◆ **Data provided**
● ● ●

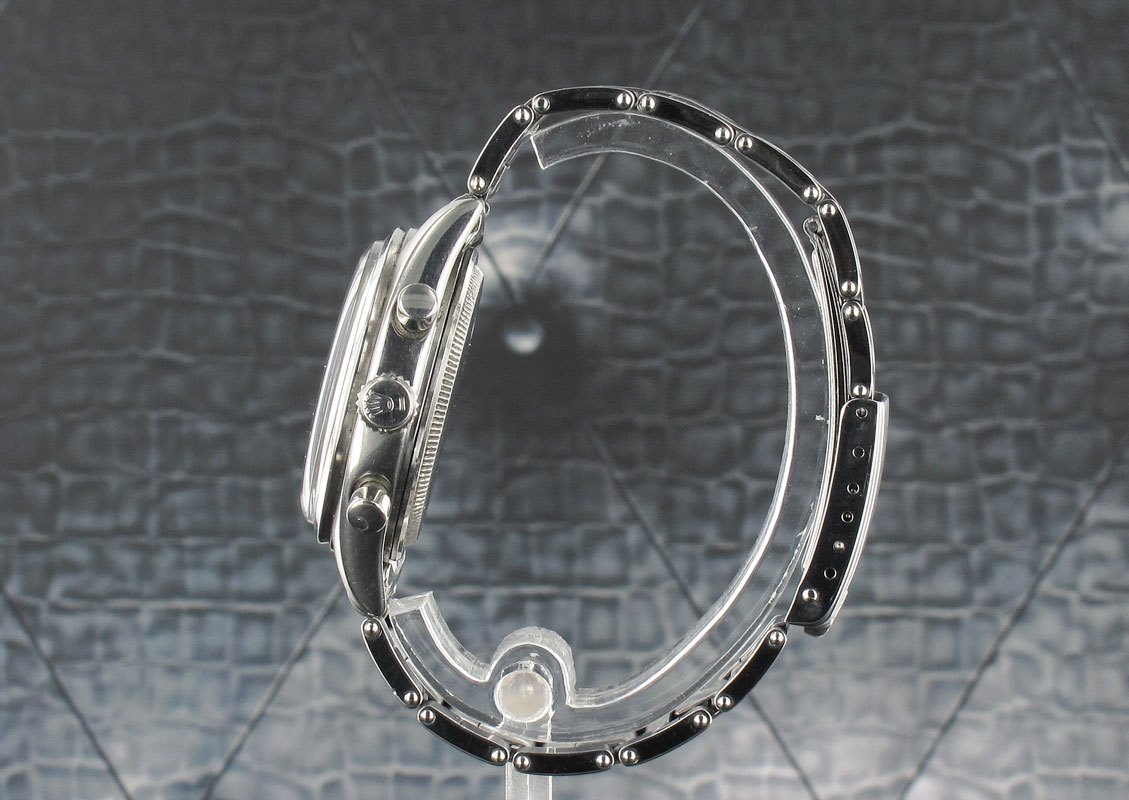 Far cooler, chicer and more classical than the Paul-Newman, the Dat-O-Compax has to be the greatest chronograph Rolex produced aside from the now £1000,000 ref 4113's. This example, apart from being the most revered reference out of the earlier 4767 and slightly later 6236, has the added bonus of running the rarest dial consisting of embossed steel rather than the more common gold indexes.
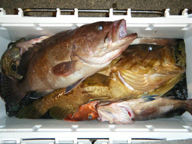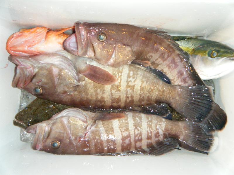 名古屋市の利光さん他 ホウキハタ(28〜53cm)・マハタ(28〜50cm)・ヒラメ・ハマチ・カサゴなど混ぜて1人4〜10匹 |
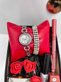 باکسهدیه اقتصادی زنانه ساعت ظریف نگین دار نقرهای بالم لب رژ لب ارسال رایگان

● ● ●

◆ **Required action**
Quote verbatim the final run of lines in the material above, from the line that contains "名古屋市の利光さん他 ホウキハタ(28〜53cm)・マハタ(28〜50cm)・ヒラメ・ハマチ・カサゴなど混ぜて1人4〜10匹 |" through the very last line, excluding any pictures.

◆ **Response area**
 名古屋市の利光さん他 ホウキハタ(28〜53cm)・マハタ(28〜50cm)・ヒラメ・ハマチ・カサゴなど混ぜて1人4〜10匹 |
 باکسهدیه اقتصادی زنانه ساعت ظریف نگین دار نقرهای بالم لب رژ لب ارسال رایگان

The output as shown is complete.